→ **WHAT YOU SHOULD DO**
Pick out each line of the records that includes the string "head", and copy it.

Source records:
»»

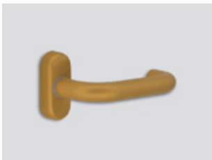
Gold Metallic matte effect

Supreme chromatics went head-up in the salt chamber 2034 hours!
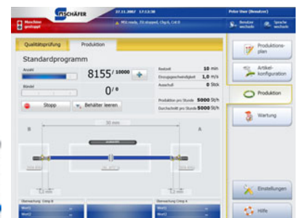
User interface WireStar20
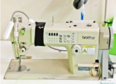
Brother Model SL-737 Single Needle Lockstitch Full Automatic Functions, 220v $750.00
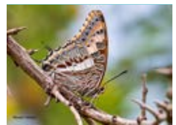
charaxes saturnus
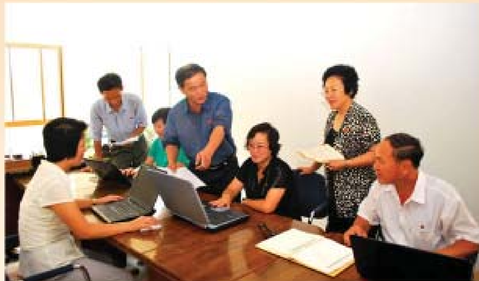
Officials of the federation discuss the plans of supporting the rest homes across the country
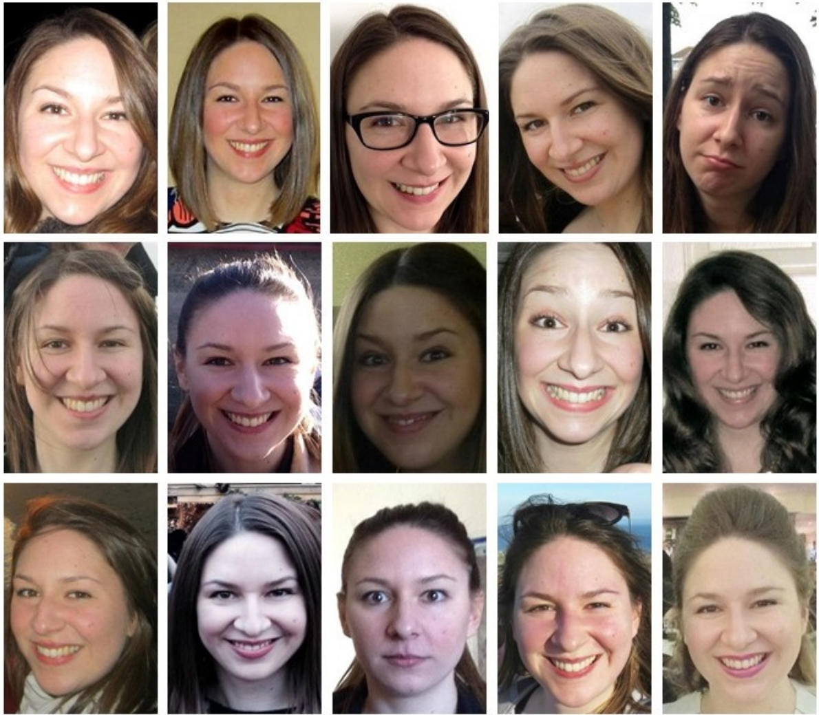
Figure 1. Example stimuli for Experiment 1. Multiple images showing the same identity, but varying in lighting, colouring, hairstyle, etc. [Copyright restrictions prevent publication of the actual images used, though these are available from the authors. Images in Figure 1 are illustrative of the experimental stimuli, and depict someone who did not appear in the experiments but has given permission for the images to be reproduced here.]

Following the ratings task, participants completed a speeded name verification task. A name was displayed on the screen for 1500 ms, and then replaced by an image which remained on the screen until response. On half of the trials, the face matched the name. Participants responded via button press, indicating whether the image showed the same person as the name or not, and were instructed to respond as quickly and as accurately as possible. There were 15 match trials per identity, each showing the person named, and the images previously rated for likeness. The 15 mismatch trials per name showed 5 images of three of the other identities, counterbalanced across identities to ensure each name and each person were seen
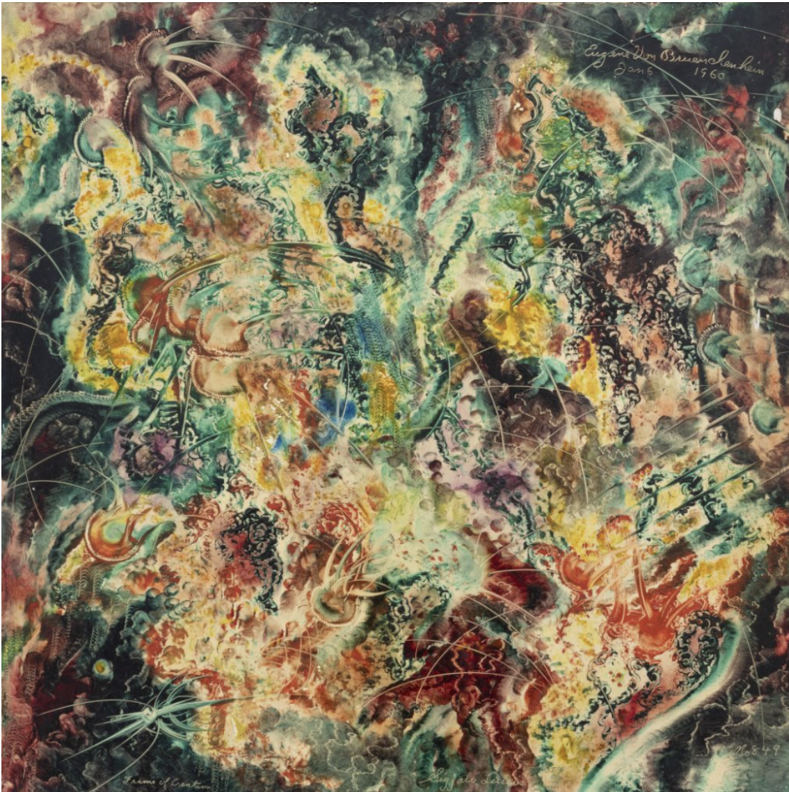
Eugene Von Bruenchenhein, No. 849, Jan 6, 1960 (1960). Collection of KAWS.
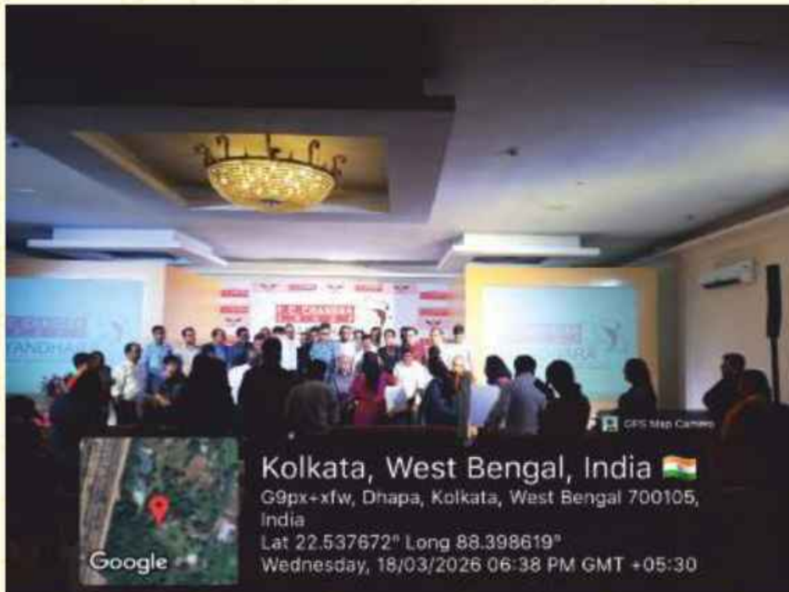
P. C. Chandra Group Grant Award to Ramananda College, March 2026
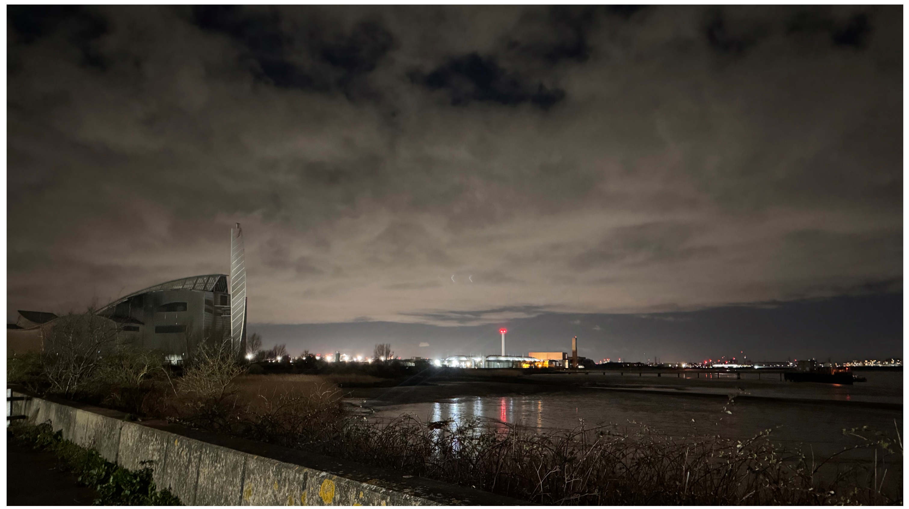
View 4: From England Coast Path, National Cycle Network Route 1, and Public Right of Way FP3 – looking west

Viewpoint Location: 51°30'22.70"N, 0°9'6.28"E
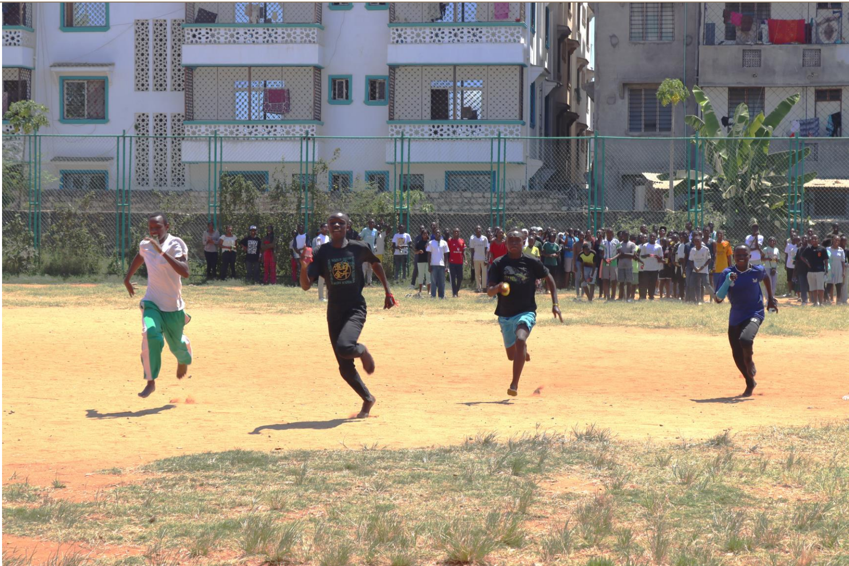
Students competing in a race during the Annual SAAS Fun Day 2025 edition held at the Kongowea Primary School Grounds on November 28, 2025.
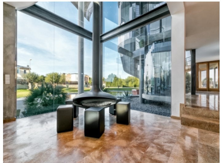
Stylish chillout area with garden views and fireplace
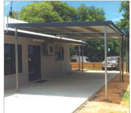
Carports & Awnings
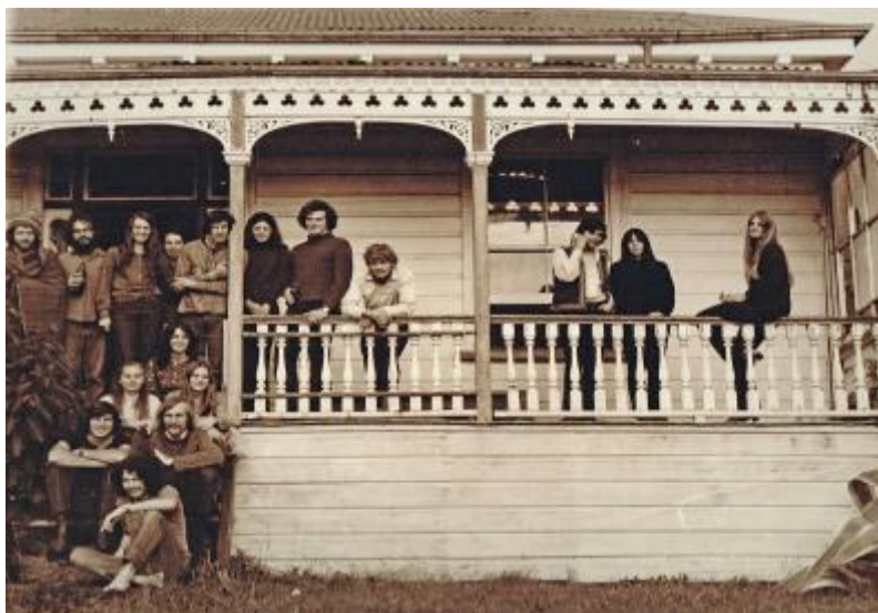
Kei te noho au i te paepae tuatahi ki te taha maau. I am sitting on the left on the first step.

Out of a number of possible starting points the group photo at my house on the Bombay hills in 1972 may be a good place to start. This house was just across the road from St Stephen's School, something of a contrast as the photographs show. The photo of me and my friends on the bougainvillia draped verandah of the old house I rented from the Main family where I had built an outdoor theatre and set up a workshop-studio was a very different place to the strict, dour even, face of St Stephens School.
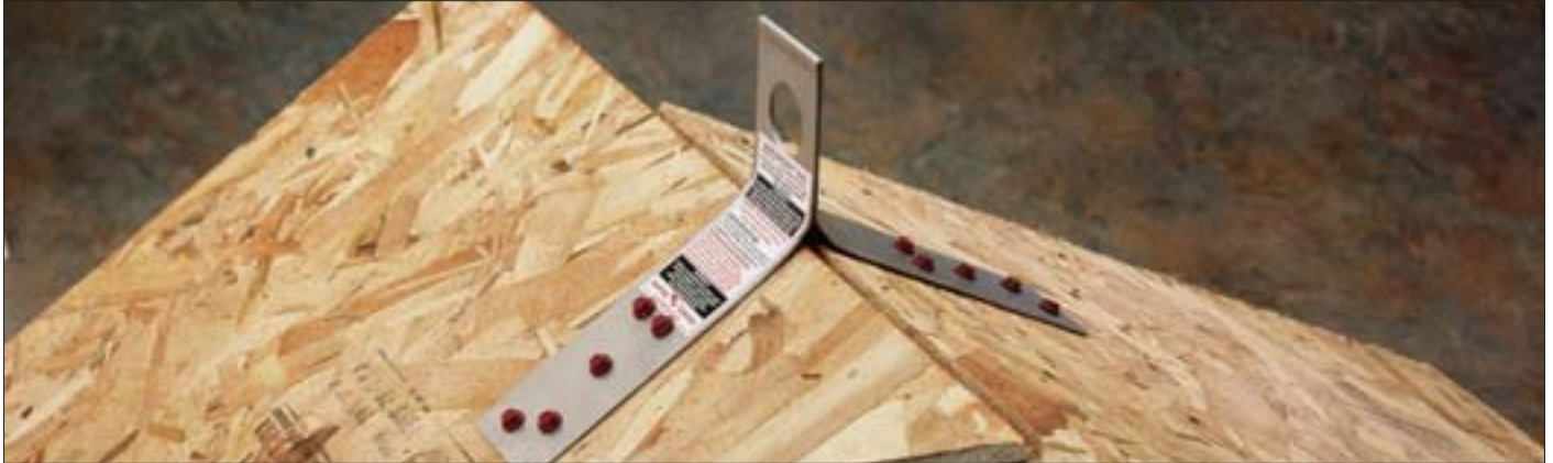
The 5K is rated for 5,000 lbs and is attached using 10 factory supplied hex head screws. Replacement fastener packages are available.

Here is an easy-to-install anchor that can be mounted at the ridge or in the field. The 18 gauge stainless steel 5K is durable enough to be used over and over. Preformed to fit an 8/12 pitch roof, the anchor can also be shaped to any degree, including flat. The 5K feature an attachment hole that allows all standard sized snaphooks and carabiners to be used. Rated for fall arrest.
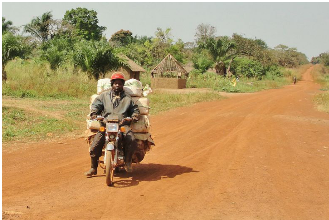
Motorcyclist carrying goods to market on the road from Nagero to Dungu, DRC. The LRA ambushes bicyclists and motorcyclists carrying trade goods on this road about twice a month.

The LRA established a semi-permanent presence in the Garamba area starting in 2005. 42 The precise number of LRA fighters currently there is not known. Recently escaped abductees report that the LRA establishes camps in Garamba for up to three months and that it operates in three main groups. These eyewitnesses estimate that the LRA presence in the Garamba area totals 70 to 100 armed fighters accompanied by 150 to 200 women, children, and recent abductees who are often used as porters. 43 Rangers report that this estimate appears to be consistent with their own encounters with LRA groups and their discoveries of LRA campsites. 44 In 2010 former LRA fighters reported to the Enough Project that Kony regarded the Garamba area as important enough to maintain a consistent presence. 45
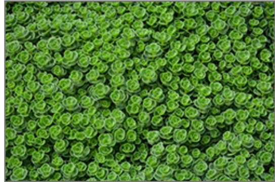
John Creech Stonecrop foliage

John Creech Stonecrop is a fine choice for the garden, but it is also a good selection for planting in outdoor pots and containers. Because of its spreading habit of growth, it is ideally suited for use as a 'spiller' in the 'spiller-thriller-filler' container combination; plant it near the edges where it can spill gracefully over the pot. Note that when growing plants in outdoor containers and baskets, they may require more frequent waterings than they would in the yard or garden. Be aware that in our climate, most plants cannot be expected to survive the winter if left in containers outdoors, and this plant is no exception. Contact our experts for more information on how to protect it over the winter months.
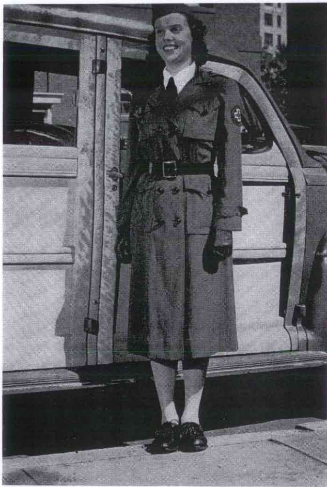
The New Lightweight Uniform

on Form 1567 from Area Offices. Extra dickies cost $1.00. The topcoat of the lightweight uniform costs under $30.00 and directions for ordering it are available at Area Offices.*
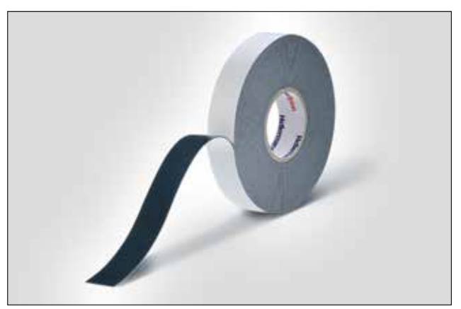
HelaTape Power 810 for primary insulation up to 69 kV.
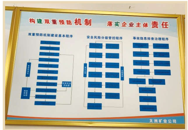
Procedures on Accident Prevention, Safety Risk Classification and the Screening, Identification and Control of Accident Hazards in Mines 於礦山的事故預防、安全風險分級及事故隱患排查治理程序

The Group has been very conscious in protecting the health and well-being of its staff during the COVID-19 epidemic. The Group has keen on full compliance with the government control measures both in the Mainland and Hong Kong. Staff has been supplied with necessary personal protective equipment and to the extent possible adopted flexible work hours and home office arrangement.
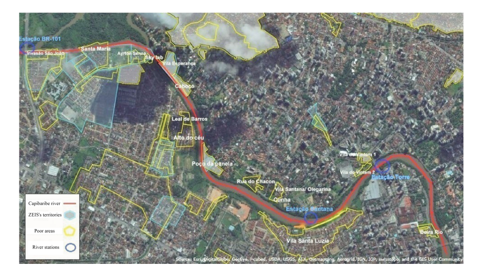
Figure 5 - Recife. Excerpt from the navigability project area of the Capibaribe.

It is worth reiterating that the idea of transforming Recife into a city-park and increasing the amount of public green areas by redeveloping the Capibaribe river as a structuring axis of the city is attractive and relevant to the current moment. The problem lies in the issue of who will be entitled to this substantial "public space." The official discourse masks that there are favelas and stilt-houses in the 500m radius calculated from each riverbank (Figure 5). In previous local urban experiences, such as that of the Beira Rio Avenue (Torre neighborhood), this low-income housing was entirely removed, a harbinger of things to come.
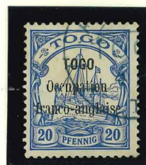
Mi.3 lines 2 mm apart
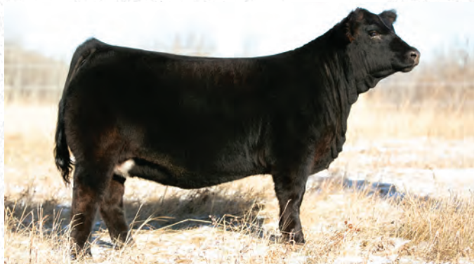
WBC BROOKE 1H Paternal Sister
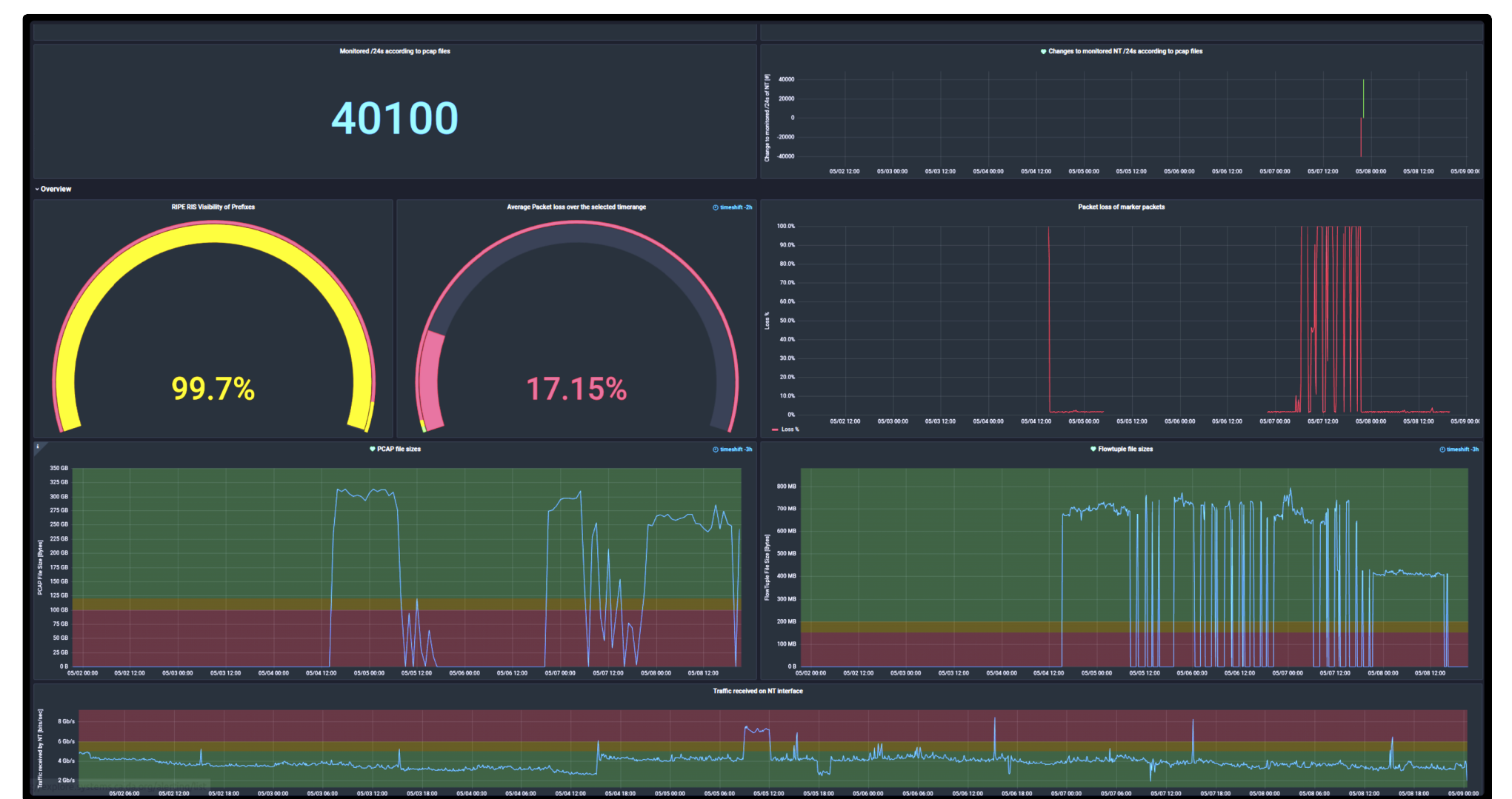
A screenshot of UCSD-NT monitor dashboard with alerting functions to reduce our reaction time to system issues

««

→ **RESULT**
Supreme chromatics went head-up in the salt chamber 2034 hours!
The 5K is rated for 5,000 lbs and is attached using 10 factory supplied hex head screws. Replacement fastener packages are available.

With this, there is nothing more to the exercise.